Illustration/Deployment of D10 tidal turbine in 2018 (Courtesy of Sabella/Photo by Balao)

TIGER project puts tidal energy in UK and France back on track

The Tidal Stream Industry Energiser Project (TIGER) has demonstrated the significant value tidal stream energy can bring to the future energy mix, economies and supply chains in both the UK and France.

Illustration/Deployment of D10 tidal turbine in 2018 (Courtesy of Sabella/Photo by Balao)
Illustration/Deployment of D10 tidal turbine in 2018 (Courtesy of Sabella/Photo by Balao)
Illustration/Deployment of D10 tidal turbine in 2018 (Courtesy of Sabella/Photo by Balao)

TIGER is the largest project funded by the Interreg France (Channel) England Program, launched in 2019 and with €48.4 million invested to drive collaboration and cost reduction through tidal turbine installations in the UK and France.

The project, led by the Offshore Renewable Energy (ORE) Catapult, has enabled installation of four new tidal stream energy devices at test sites in and around the Channel region, with a further 16 in development.

This has created a total of 3.6MW new tidal capacity, with a further 57.4 MW in the pipeline.

Simon Cheeseman, ORE Catapult’s wave and tidal sector specialist, said: “TIGER has been hugely influential in showcasing the benefits of tidal stream energy.

“We have forecast that tidal stream could provide 11% of the UK’s electricity needs by 2050 and drawn up a route map for technology innovation to drive down tidal stream energy cost from its present £260/MWh (€299/MWh) to £49-55/MWh (€56-63/MWh) by 2050.

“Tidal stream is also predictable, reducing energy system storage costs by £100 million per annum, and this saving could be as much as £600 million (€691 million) at £40/MWh (€46/MWh).

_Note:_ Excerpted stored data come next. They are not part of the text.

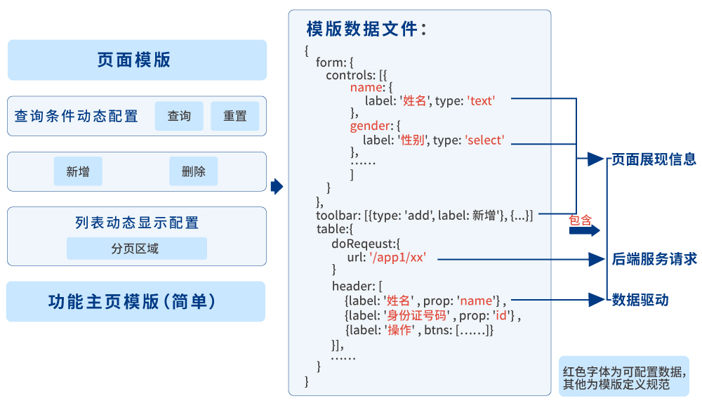 頁面模板是將特定的一些常用業(yè)務(wù)場景封裝成模板。可通過簡單的配置,實現(xiàn)頁面業(yè)務(wù)功能,適用于后臺或前端基礎(chǔ)較弱的開發(fā)者
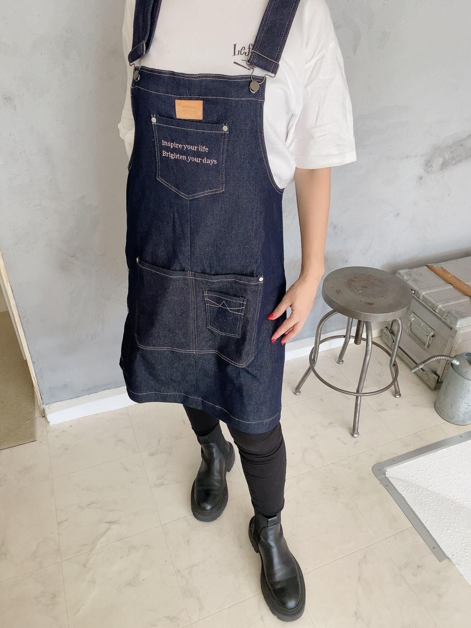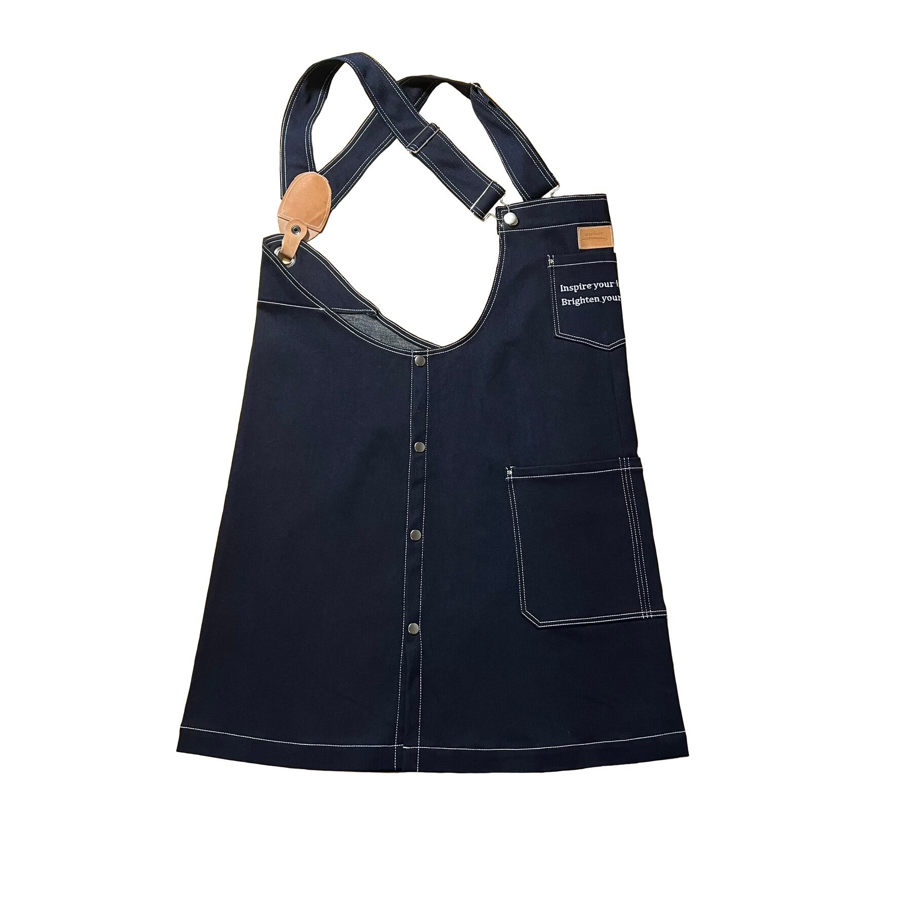 国産デニムと肩紐にレザー(本牛革)を使用した贅沢なワークエプロン。
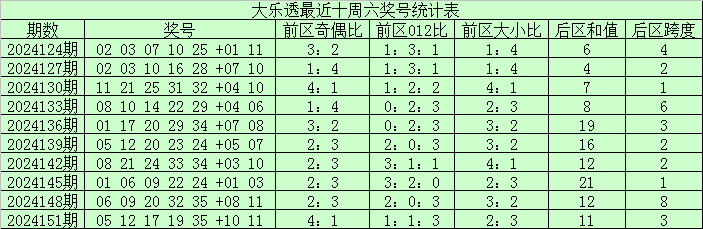 前区奇偶走势:上期前区奇偶比为3:2,上周六前区奇偶比4:1,最近十周六奇偶号码走势基本平衡,本期预计奇数号码转热,关注奇偶比3:2。

TIGER has effectively put the sector back on track to make a meaningful contribution to the future energy mix.”

Instrumental to the success of the project was collaboration between the 18 TIGER partners across the UK and France, spanning turbine developers, ocean energy demonstration sites, research organizations, and local and regional authorities, each supporting the tidal industry as it moves towards commercialization.

The project included real world demonstrations and published scientific research industry reports, which do not only demonstrate the cost reduction trajectory that can be achieved, they also show how the UK and France can generate over 80% of materials from the local supply chain, create up to 45 jobs per MW deployed –  exceeding the wind and solar industries, and contribute up to £17 billion (€19.6 billion) to the UK economy by 2050.

These project outputs have positively contributed to three TIGER developers successfully accessing £20 million (€23 million) per annum of tidal stream energy generation subsidy awards, through the UK Government’s Contracts for Difference (CfD) scheme and new discussions have opened on French tidal stream feed-in-tariffs.

For the tidal energy sector in the Channel region, the tidal energy capacity is predicted to be nearly 4GW, which is enough to power up to four million homes.

Carly Tait, project manager at EMEC for TIGER, said: “Today, companies who four years ago were working on prototype device development, are now looking at multiple device deployments and volume manufacture.

“With continued investment, tidal stream energy could become the renewable energy of choice in coastal locations, with strong tidal currents around headlands and islands globally, generating clean, green energy to combat the climate emergency.”